Романов ловил каждое слово немца, он отличал малейшие оттенки его речи.

Подошел Круглов.

— О, да я вижу, вы поладили, — сказал командир роты, обращаясь к Романову. — Ну что же, это неплохо. Немец тоже человек, жить хочет, а вот фашист — зверь, пусть не ждет от нас пощады.

Романов перевел слова старшего лейтенанта.

— Герр официр, — торопливо, сильно картавя, заговорил лазутчик. — Их нет фашист, их немецки зольдат.

— Полно врать, — оборвал немца Круппов. — Вы свое дело сделали, сообщили своему командованию о расположении советских войск в этом районе.

Романов установил рацию, я надел наушники и прислушался. Над нами было чистое звездное небо, но казалось, что оно до отказа заполнено звуками. В эфире неслись десятки голосов — русских, немецких, финских. Кем-то выкрикивались позывные: отовсюду требовали, звали, просили.

Круглов присел на корточки возле раций:

— Ну что же, попробуем?

— Я готов, товарищ командир.

Романов взял от меня наушники, поднес трубку ко рту:

— Ахтунг, ахтунг! Хёрен зи, хёрен зи, «Дер Тигер», «Дер Тигер», «Дер Тигер». Их бин «Элефанг», их бин «Элефант»…

Немцы молчали. Романов снова повторил вызов. Прошли еще секунды томительного ожидания. И вот среди шума в эфире он услышал свои позывные и слова: «Почему долго молчали? Срочно сообщите, спокойно ли в вашем квадрате?»

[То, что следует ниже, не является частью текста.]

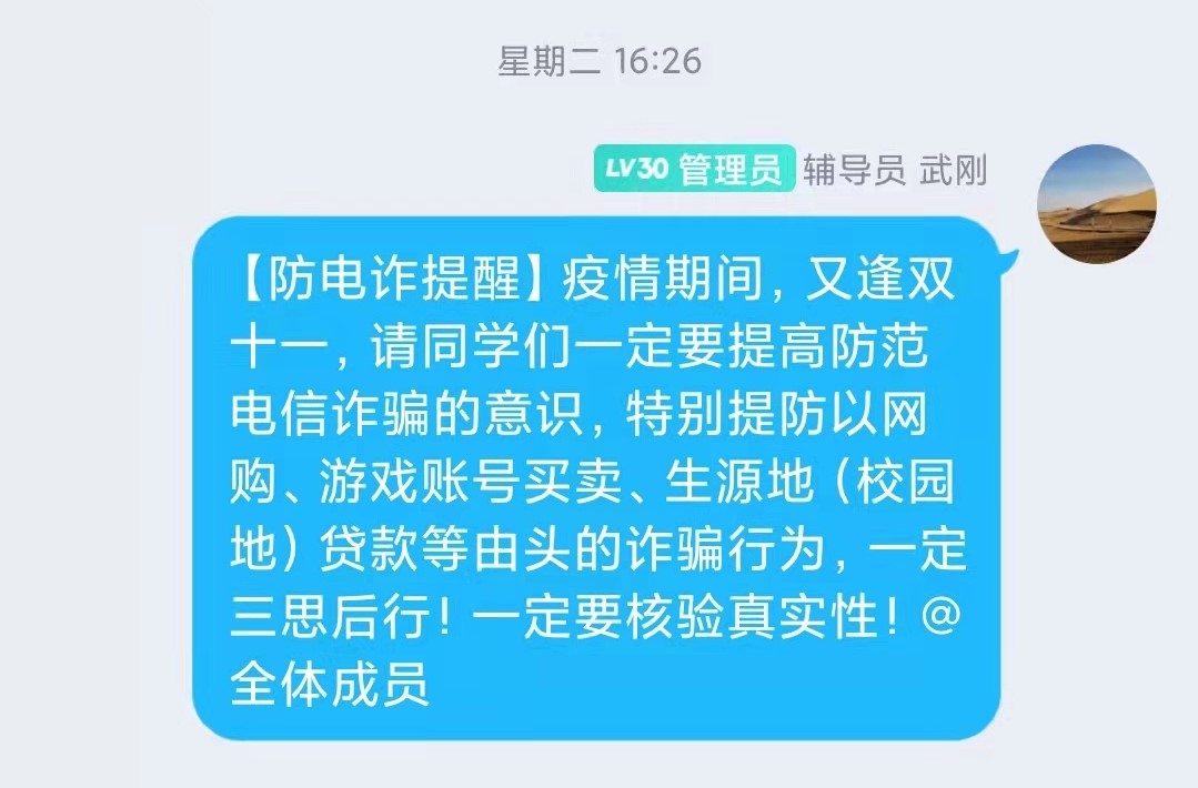 为切实提高同学们防范意识和安全防范技能,落实公司有关“防电诈”“反邪教”工作部署,引导员工提高辨别和抵制邪教能力,增强员工防范电信网络诈骗意识,l9193永利积极通过走访宿舍、班级QQ群、年级大会、新媒体平台宣传等方式对员工进行“守护师生钱袋子”“如何识别和防范邪教”主题宣传教育,保障员工身心健康和财产安全。

Под диктовку Круглова Романов передал:

— В нашем квадрате все спокойно. Русских нет. Подразделения нашего полка уже заняли позиции вокруг аэродрома, напоминавшего по форме подкову. Две роты первого батальона залегли на северной и восточной сторонах поляны, третий батальон — на западной. Свободным оставался проход с южной стороны: он был заминирован.

…Рядом со мной на опушке леса у станкового пулемета затаились два бойца. Я заметил, что один из них не мог ни минуты спокойно лежать на месте.

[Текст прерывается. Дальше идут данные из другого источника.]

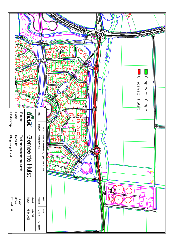De naam Clingeweg te Hulst toe te kennen aan de openbare ruimte gelegen tussen de van der Maelstedeweg te Hulst en de Clingeweg in Clinge.

— Ты, Гриша, не нервничай, — сказал баском второй боец. — В нашем деле нужна выдержка. Да и неудобно перед товарищами — они увидят и после смеяться будут…

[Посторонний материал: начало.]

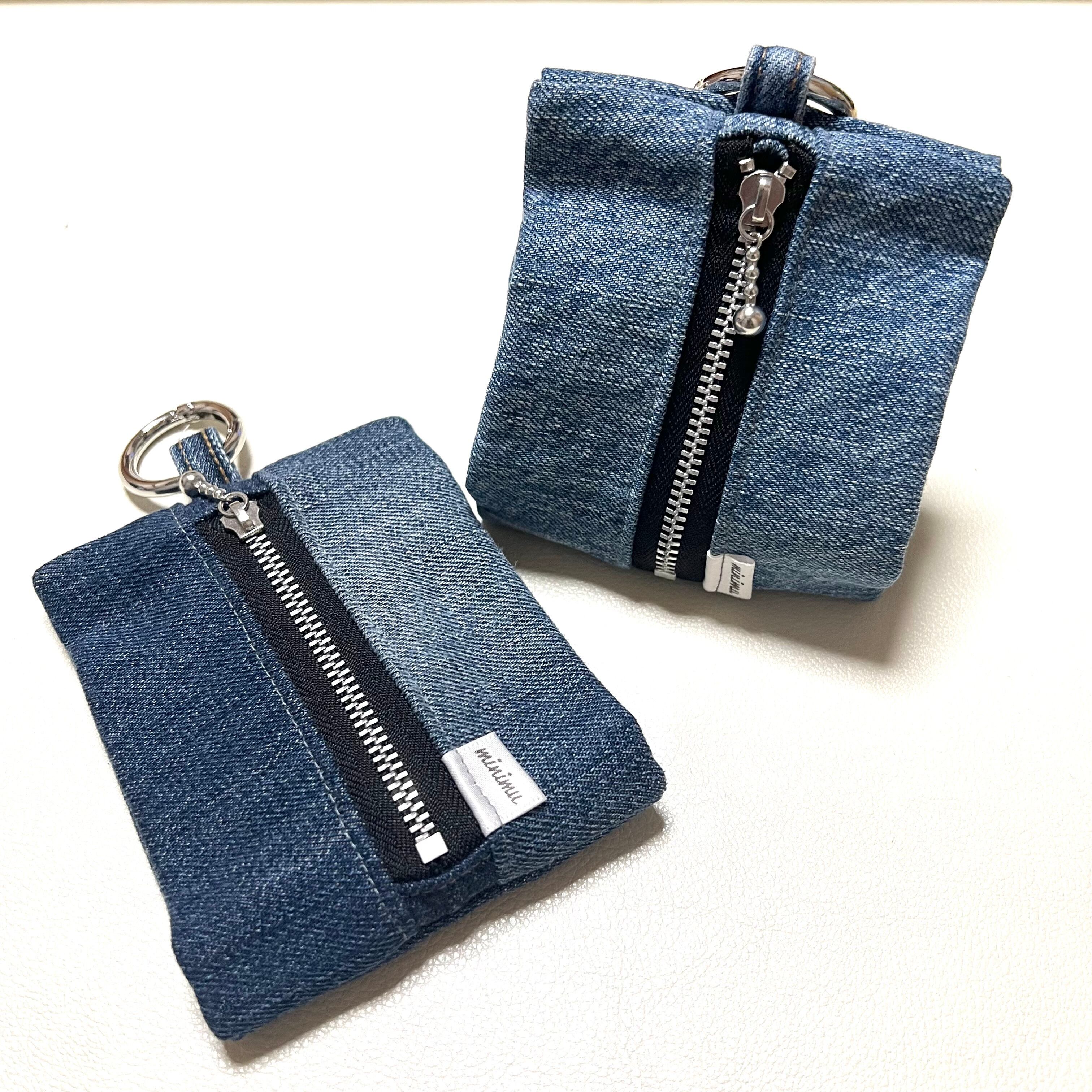 ユーズドのジーンズをリメイクしたファスナーポーチです。

Запинающимся голосом Гриша проговорил:

— Вы не ругайте меня, дядя Вася. Я стараюсь…

Я вспомнил, что этих двух бойцов видел вечером в траншее во время артиллерийской стрельбы. И теперь, как и в тот раз, дядя Вася поучал своего молодого напарника.

Луна озарила всю поляну. У реки стояли высокие вербы, впереди нас бурьян, в котором залегли бойцы.

Когда в воздухе послышался шум моторов, справа от нас зенитки открыли заградительный огонь. Высоко в небе появились золотистые вспышки.

Шум моторов все время нарастал. Самолеты кружились поблизости от лесного аэродрома.

Первый десантник приземлился на поляну недалеко от меня. Он упал на бок, парашют протащил его за собой… При свете луны мы видели, как немецкие парашютисты группами спускались на аэродром. Они быстро освобождались от подвесов и бежали в сторону скирды, у которой были обнаружены радисты.

Загорелось подожженное немцами сено.

Над поляной резко заревели моторы. Совершенно неожиданно я увидел громадную черную махину, двигающуюся по аэродрому прямо на меня. Казалось, это чудовище сейчас наедет и раздавит…

Я не заметил, как ко мне подполз снайпер Сидоров, он положил мне руку на плечо:

— Ты чего испугался? Это немецкий двухмоторный транспортный самолет.

— А ты откуда знаешь?

— По звуку моторов. Не бойся, он в лес не побежит.

Моторы внезапно заглохли, самолет остановился в двухстах метрах от нас. При свете горящей скирды я увидел, как возле самолета начали сновать десантники.

— Разгружаются, гады, — прошептал Сидоров. — Смотри, даже пушки привезли…

Как только немцы выгрузились, пилот включил моторы, солдаты подхватили самолет за хвост и крылья, разворачивая его в сторону взлетного поля.

Вдруг что-то тяжелое, ломая сучья, упало позади нас. Мы замерли. А спустя несколько минут к нам подполз командир отделения Захаров. Он передал приказ командира роты:

— Если немцы бросятся за грузом, драться без шума, ножами.

— А если их будет много? — спросил Сидоров.

— Другого приказа нет. — И бросился дальше. Спустя несколько минут Захаров опять приполз к нам, на этот раз с солдатом Булкиным. Крепко выругавшись, командир отделения указал ему место рядом с нами.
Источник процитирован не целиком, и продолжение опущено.